Я украдкой смотрю на Сола. Он качает головой, но его хватка на кофейной кружке ослабевает. Не так трудно понять, почему он с такой агрессией бросился в атаку один. Почему в итоге попал сюда – на место его последней встречи с Максвеллом Арбусом. Видимо, это пространство изобилует воспоминаниями, горькими и сладостными, о его жизни, посвященной тому, чтобы защищать Милли.
В кризисные моменты мы сосредотачиваемся на том, чтобы обезопасить то, что по-настоящему любим. Едва ли только рабочей этикой объясняется то, что Сол, наполовину ослепший из-за проклятия, был готов сражаться до последнего, чтобы уберечь Милли от опасности.
Сол черпает свою решимость там же, где беру ее я, – и сейчас она заставляет меня покинуть остальных. И вот я уже выбегаю за дверь и мчусь со всех ног. Я уже пробежала полквартала, когда слышу, что Лори выкрикивает мое имя, но его голос быстро стихает. Мои ноги топают по тротуару так быстро, как я только могу. Если бы полиция Нью-Йорка не была полностью занята терактом Арбуса в Центральном парке, меня бы, конечно же, остановил один из офицеров. Во время своего бешеного бега я сбиваю с ног полдюжины несчастных пешеходов и почти переворачиваю детскую коляску. Я не останавливаюсь, чтобы извиниться. Я ни разу не оборачиваюсь. Вслед мне несутся все нелицеприятные эпитеты из словаря и даже несколько угроз.
Когда я наконец вбегаю к нам в дом и проношусь мимо консьержа, мои легкие горят, а конечности как будто стали резиновыми.

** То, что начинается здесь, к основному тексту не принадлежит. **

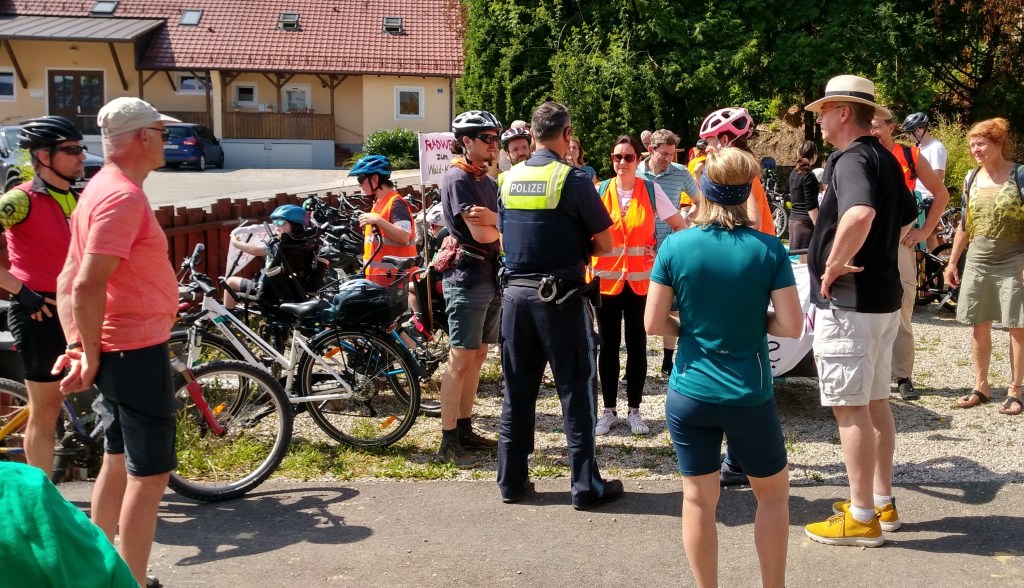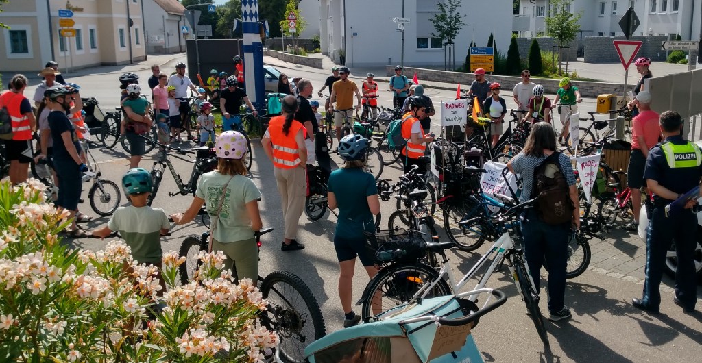 Wie bereits angekündigt, fand am 6. Juli 2025 die Demo für einen Radweg zum Waldkindergarten und nach Jetzendorf als „sich fortbewegende Versammlung“ unter dem Schutz von 4 Polizeifahrzeugen statt. Neben der Leitung des Waldkindergartens nahmen auch Bürgermeister Marcel Fath und etwa 50 besorgte Bürger mit vielen Kindern an der Radltour von Petershausen nach Jetzendorf teil. Nach einem kurzen Stopp an der Einfahrt zum Waldkindergarten gelangten die radelnden Teilnehmer zum Biergarten der Postwirtschaft , wo sich noch eine weitere Reihe interessanter Gespräche und Ansprachen ergaben, auch mit Teilnahme der Bürgermeister Endres und Fath.

Консьерж следует за мной к лифту.
– Все в порядке, мисс?
Я согнулась и жадно глотаю воздух, но киваю и машу рукой, чтобы он шел по своим делам. Он смотрит на меня подозрительно, но, к счастью, приходит лифт, я вваливаюсь в него и жму на кнопку третьего этажа, пока двери не закрываются.
Несмотря на мои попытки восстановить дыхание, черные пятна все еще мелькают у меня перед глазами, даже когда я подхожу к двери Стивена. Я начинаю колотить по дереву обеими руками, как сумасшедшая, осознавая, что танцую безумный, неприличный танец.
Я подняла оба кулака, чтобы снова начать молотить по двери, но тут она открывается. Утратив равновесие, я лечу через порог. Хотя я и вижу там Стивена, испуганного, который выглядит таким же усталым, как я – сумасшедшей, я не знаю, сумеет ли он меня поймать. Он говорил мне об усилиях, которые ему требуются, чтобы обрести материальность. Это знание не особенно мне помогает, потому что я не могу остановить свое падение. Ведь я молотила по его двери со всей силой, которая у меня осталась.
Я закрываю глаза. Не хочу видеть пол, когда ударюсь о него. Я еще могу согласиться с локтями и коленями в синяках, но не могу вынести мысль о том, что падаю сквозь него. Я не хочу видеть, как пролечу насквозь, как будто он не стоит передо мной. Мне нужно, чтобы он был там. Чтобы он был настоящим.
И он есть.
Он ловит меня.
И я снова могу дышать.
Но с дыханием приходят слезы. Слезы, которые были заперты внутри долгие месяцы. Слезы, которых, как я себя уверяла, у меня не было.
Теперь освободившись, они потоком хлынули у меня из глаз. Их так много, и текут они так долго, что мне кажется – наверное, я в них утону.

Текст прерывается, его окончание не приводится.